* _Task item_
Some entries follow. Reproduce exactly the lines starting at the one with "Figure 6 MY" and stopping after the one with "suspicious and most".

══ Extracted data ══

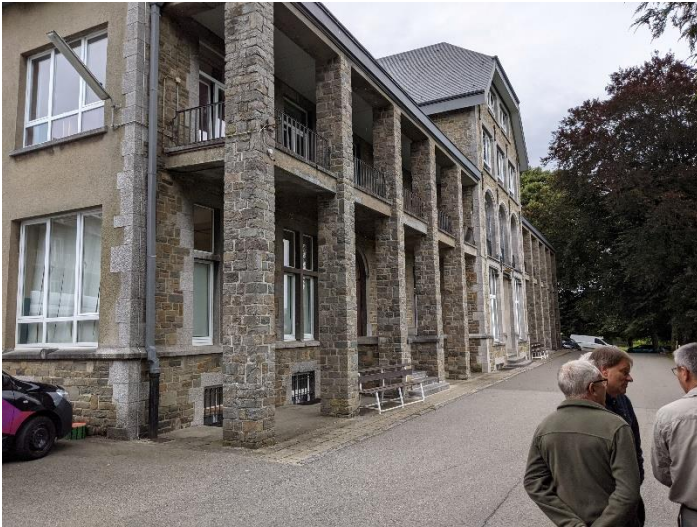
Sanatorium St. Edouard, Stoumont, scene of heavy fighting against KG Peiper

═══
══ Extracted data ══

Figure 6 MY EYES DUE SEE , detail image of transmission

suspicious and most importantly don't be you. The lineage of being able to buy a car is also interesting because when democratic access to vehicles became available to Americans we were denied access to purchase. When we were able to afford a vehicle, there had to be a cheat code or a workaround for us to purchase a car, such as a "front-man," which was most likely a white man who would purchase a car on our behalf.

═══

* _Result of this exercise_
Figure 6 MY EYES DUE SEE , detail image of transmission

suspicious and most importantly don't be you. The lineage of being able to buy a car is also interesting because when democratic access to vehicles became available to Americans we were denied access to purchase. When we were able to afford a vehicle, there had to be a cheat code or a workaround for us to purchase a car, such as a "front-man," which was most likely a white man who would purchase a car on our behalf.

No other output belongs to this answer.